◆ **Exercise details**: Output, exactly as written, the lines below starting at the line containing "Cape Cod Natl. Seashore" and ending at the line containing "Pyidaungsu Hluttaw Joint". Drop the pictures and keep both end lines.

◆ **Data extract**:
= Beginning of Section =

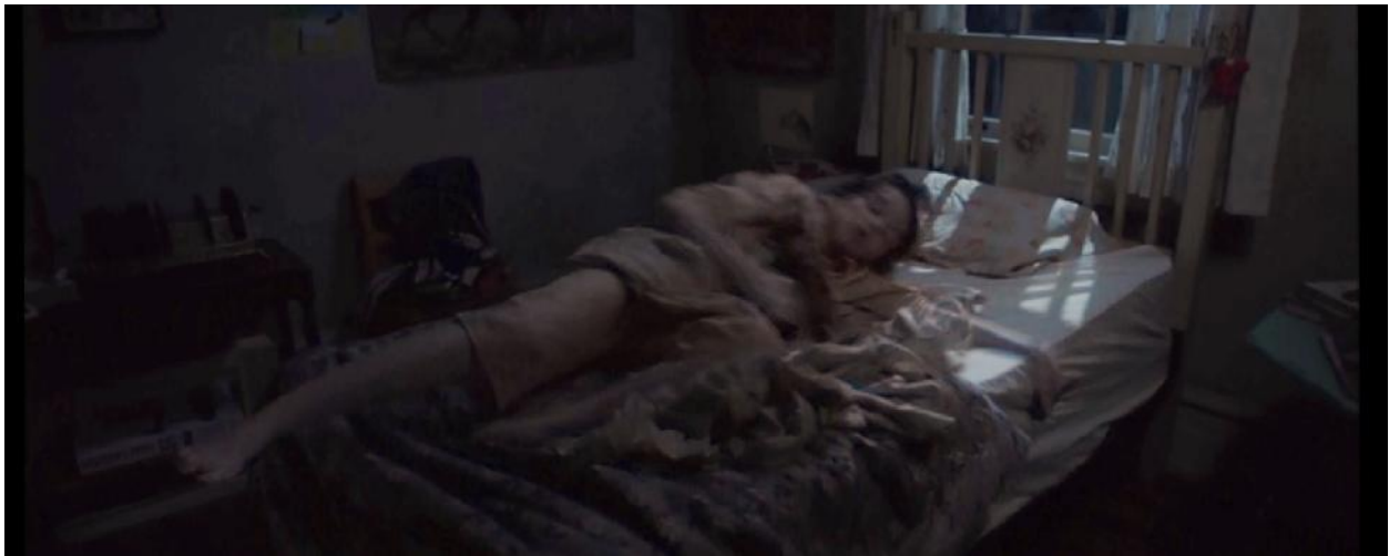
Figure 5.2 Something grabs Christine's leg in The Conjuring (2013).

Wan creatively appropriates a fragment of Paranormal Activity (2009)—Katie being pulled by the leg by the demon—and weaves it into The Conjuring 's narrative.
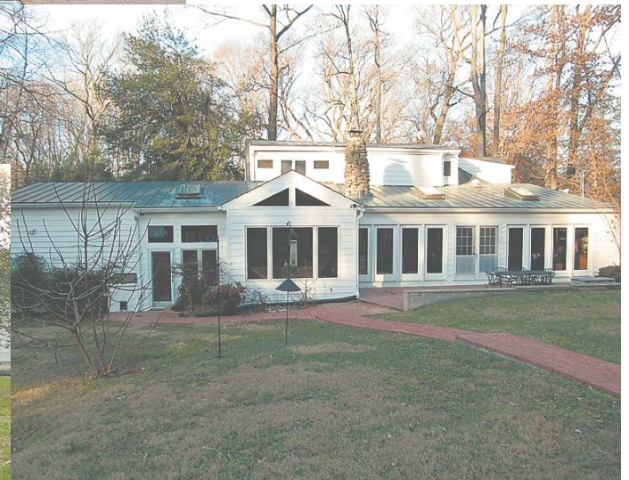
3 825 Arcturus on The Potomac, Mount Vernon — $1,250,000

= End of Section =
= Beginning of Section =

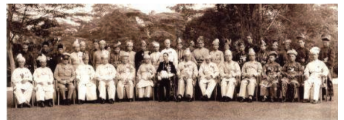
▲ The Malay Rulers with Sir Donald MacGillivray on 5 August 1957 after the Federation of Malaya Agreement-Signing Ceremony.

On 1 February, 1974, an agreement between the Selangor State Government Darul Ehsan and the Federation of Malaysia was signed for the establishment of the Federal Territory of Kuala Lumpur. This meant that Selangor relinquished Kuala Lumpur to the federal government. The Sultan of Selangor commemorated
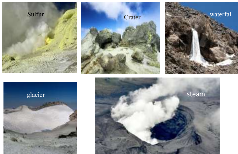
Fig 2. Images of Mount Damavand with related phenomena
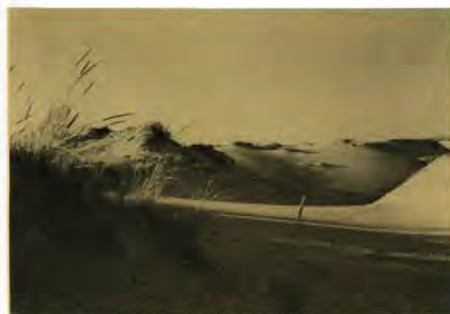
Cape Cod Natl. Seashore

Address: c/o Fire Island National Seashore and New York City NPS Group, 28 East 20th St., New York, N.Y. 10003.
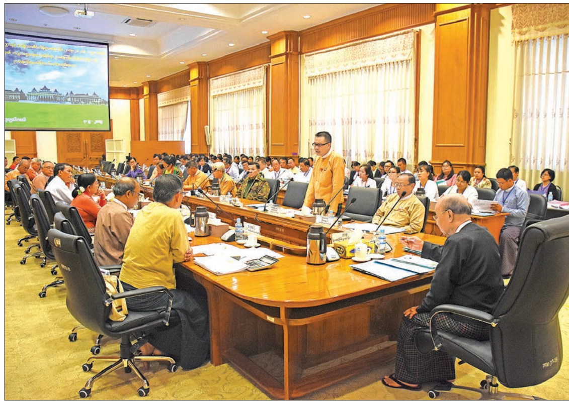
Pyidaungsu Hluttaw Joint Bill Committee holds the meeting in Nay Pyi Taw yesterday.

= End of Section =
= Beginning of Section =

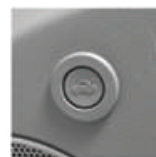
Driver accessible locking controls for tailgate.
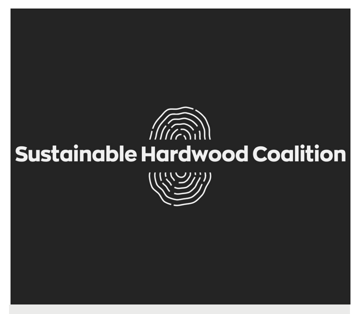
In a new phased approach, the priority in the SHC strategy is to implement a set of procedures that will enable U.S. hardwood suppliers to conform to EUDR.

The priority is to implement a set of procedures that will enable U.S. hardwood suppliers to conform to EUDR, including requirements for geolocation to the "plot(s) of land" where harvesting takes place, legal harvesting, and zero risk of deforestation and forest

= End of Section =

◆ **Solution for this problem**:
Cape Cod Natl. Seashore

Address: c/o Fire Island National Seashore and New York City NPS Group, 28 East 20th St., New York, N.Y. 10003.
Pyidaungsu Hluttaw Joint Bill Committee holds the meeting in Nay Pyi Taw yesterday.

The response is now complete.